Simon Chama é também, a vários títulos, um filme de reemprego de arquivos. As sequências de reemprego de arquivos operam como vectores de intercalação dos diversos blocos narrativos, dotando a longa-metragem, paralelamente, de uma tessitura intermediática. No seu computador, Simon visiona extractos de filmes tão heteróclitos e de diferentes géneros cinematográficos, como o cinema amador e o cinema documental, quanto Journey Through a Day (1967), de Dale Johnson, e Children Underground (2001), de Edet Belzberg. O reemprego dos arquivos dos filmes visionados, também em formato 720p, consolida um imaginário — o imaginário do American Dream e o seu reverso —, vinculando Simon Chama, material e formalmente, à linhagem do New American Cinema — e, em particular, à obra de Morris Engel e Ruth Orkin, também protagonizadas por crianças e adolescentes — e do cinema independente norte-americano. A interpenetração entre os sistemas de representação da ficção e do documentário, marca estilística do New American Cinema e das suas derivações, é, aliás, uma das estratégias formais de Simon Chama, filme que traça uma cartografia, “real” e imaginária, de Lisboa e da sua periferia.

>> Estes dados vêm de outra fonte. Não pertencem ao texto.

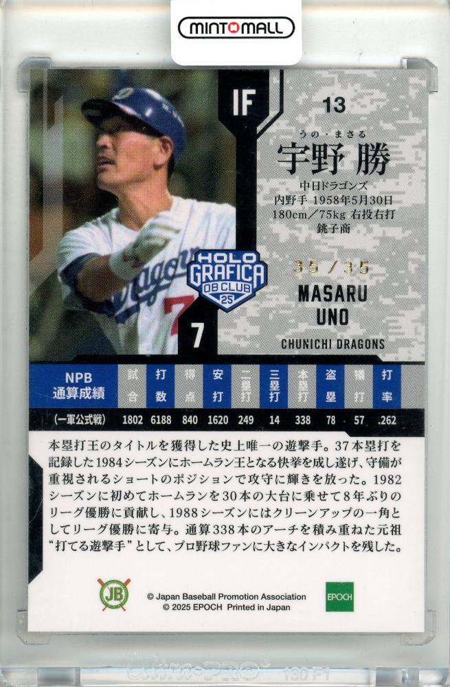 2025 EPOCH OBクラブ ホログラフィカ 宇野勝 #13 REGULAR PARALLEL HOLOGRAM ホログラムB版【35/35】《ラストナンバー》 中日

A longa-metragem de Sousa Ribeiro redefine, paralelamente, a relação entre margem e centro e entre observador e observado. O carro em que Simon se desloca com a mãe (e, por vezes, com a irmã) para a escola e para a cidade é fundamental para essa dupla redefinição. Se a deslocação do veículo, descentrando a personagem do principal décor do filme, a casa familiar, re-estrutura a relação entre Lisboa como centro e a periferia enquanto margem, é também durante essas travessias que a figuração da “percepção panorâmica”² de Simon olhando pela janela amalgama e sobrepõe, através do movimento e dos reflexos, o lugar do observador e o lugar do observado num mesmo plano, recordando a fotografia e certas obras cinematográficas (On Animal Locomotion, de 1994, por exemplo) de van der Keuken. Também os movimentos de câmara, de uma steady-cam performativa, respondendo às acções das personagens, improvisadas em certas sequências, contribuem para essa redefinição que questiona incisivamente a fronteira entre o dentro e o fora.


A autora escreve segundo a antiga norma ortográfica.



[1] Numa das suas acepções, a passagem das personagens de uma obra para outra dentro da produção de um mesmo autor.

[2] Schivelbusch, Wolfgang. The Railway Journey. The Industrialization of Time and Space in the 19th Century. Los Angeles e Londres: University of California Press, 2014.

Raquel Schefer

Investigadora, realizadora, programadora e professora associada na Universidade Sorbonne Nouvelle (Paris), Raquel Schefer é doutorada em Estudos Cinematográficos pela mesma instituição — com uma tese dedicada ao cinema revolucionário moçambicano — e mestre em Cinema Documental pela Universidad del Cine (Argentina). É autora do livro El Autorretrato en el Documental (Ediciones Universidad del Cine, 2008). Foi professora em diferentes universidades em França, em Espanha, na Argentina e no México e investigadora convidada na UCLA. Foi bolseira de pós-doutoramento da FCT. É coeditora da revista de teoria e história do cinema La Furia Umana.